# Ribble E Bike



## derrick (11 Jan 2019)

Built one up for a mate yesterday. He then ask me to take it for a spin today as i was going out with some of the club.Arrived at the metting place. Everyone was suprised to see me on a E bike. Anyway they all thought it looked good. Took a bit of getting used to.as i am used to Di2.did not take long i was soon flicking through the gears like pro. First thing i really noticed was how comfatable it was.Pro logo saddle felt really nice. We only did 26 miles so not really a hard ride. But i could end up trying one on my own bike. Anyway the E bit.felt a bit strange to start with. The motor cutting in and out. 15mph the motor cuts out. Then you are on your own. I did struggle to stay with the guys on the long flats. The bike is heavy. But when it came to the hills. This is what its all about. Effortless climbing. The guys where really impressed with my climbing. Icould have gone a lot quicker and taken a few KOMs. But that is not what i am about. Just keeping it at my usual pace. I would not have one myself. Well not yet anyway. But when i start to struggle with the normal club rides. I would defo think about one. So to round up i think there is a place for these. It would make life a lot easier for a few old boys and girls. Not really for the young. Or idiot KOM hunters.but if it helps put bums on saddles thats fine. Am looking forward to the Saturday ride. Paul will be pulling me up a few hills. But he is going to suffer on the short sharp hills once we get over 15mph.


----------



## Rooster1 (11 Jan 2019)

That is the least ugly e-bike I have seen, bravo Ribble.


----------



## fossyant (11 Jan 2019)

It does look nice - you'd struggle to see it as an e-bike.


----------



## derrick (11 Jan 2019)

Rooster1 said:


> That is the least ugly e-bike I have seen, bravo Ribble.


There is room for improvement. They need to sort the front fork. I could fit a MTB wheel in there.


----------



## steveindenmark (11 Jan 2019)

derrick said:


> There is room for improvement. They need to sort the front fork. I could fit a MTB wheel in there.


As long as you can fit one on the back. I would call that a plus not a minus.


----------



## RegG (11 Jan 2019)

Rooster1 said:


> That is the least ugly e-bike I have seen, bravo Ribble.



Take a look at this beauty......






.... much nicer than the Ribble, even if it does cost a _little_ bit more!


----------



## johnnyb47 (11 Jan 2019)

Its great to see positive posts about Ebikes. Those bikes look really nice too


----------



## derrick (11 Jan 2019)

RegG said:


> Take a look at this beauty......
> 
> View attachment 446638
> 
> ...


Same bike different colour.


----------



## RegG (11 Jan 2019)

derrick said:


> Same bike different colour.



Look closer...... the Bianchi is _real_ quality!


----------



## derrick (11 Jan 2019)

RegG said:


> Look closer...... the Bianchi is _real_ quality!

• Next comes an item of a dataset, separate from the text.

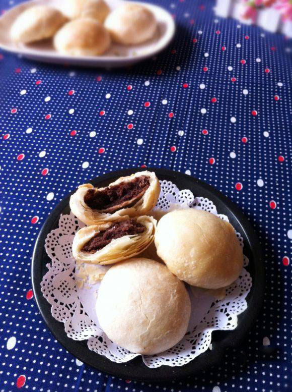 9:再擀成圆饼状,放入豆沙馅(馅料有点散)

I ment the same electrics, Although with Bianchi you do pay over the top for the name, i have had a bianchi, they are a nice bike but a bit overated.


----------



## robgul (11 Jan 2019)

Take a look at the Orbea Gain e road-bikes (one could argue that the Ribble is a direct copy - even down to the same top-tube control button) - the Orbeas are quite a bit cheaper than the Ribble for pretty much comparable machines.

The Orbeas have been around for a while with both a drop and flat bar version - it's the downtube battery that fools people - although someone on our club run saw mine and said he'd never seen a bike with a Rohloff hub gear and derailleur !! - he thought the compact rear hub motor was a hub gear :-)

Rob


----------



## derrick (11 Jan 2019)

robgul said:


> Take a look at the Orbea Gain e road-bikes (one could argue that the Ribble is a direct copy - even down to the same top-tube control button) - the Orbeas are quite a bit cheaper than the Ribble for pretty much comparable machines.
> 
> The Orbeas have been around for a while with both a drop and flat bar version - it's the downtube battery that fools people - although someone on our club run saw mine and said he'd never seen a bike with a Rohloff hub gear and derailleur !! - he thought the compact rear hub motor was a hub gear :-)
> 
> Rob


The Orbea was the first. Ribble is the copy. Both use the same system.


----------



## smokeysmoo (12 Jan 2019)

*DM article alert*

Just seen this article about e-bike riders nicking Strava segments 

LINKY


----------



## robgul (12 Jan 2019)

derrick said:


> The Orbea was the first. Ribble is the copy. Both use the same system.



I think that's what I said? - the Orbea range has been around since mid 2017 - Ribble only a few months. 

Rob


----------



## jann71 (12 Jan 2019)

smokeysmoo said:


> *DM article alert*
> 
> Just seen this article about e-bike riders nicking Strava segments
> 
> LINKY



Maybe she was just really fit.


----------



## derrick (12 Jan 2019)

smokeysmoo said:


> *DM article alert*
> 
> Just seen this article about e-bike riders nicking Strava segments
> 
> LINKY


People have been doing in cars motor bikes and anything else thats faster than a bike. Why i do not know. There will always be idiots out there.


----------



## youngoldbloke (13 Jan 2019)

Wilier have their version too , using the same EBM electrics and top tube button as the Orbea Gain and Ribble. Ultegra, around 12kg. 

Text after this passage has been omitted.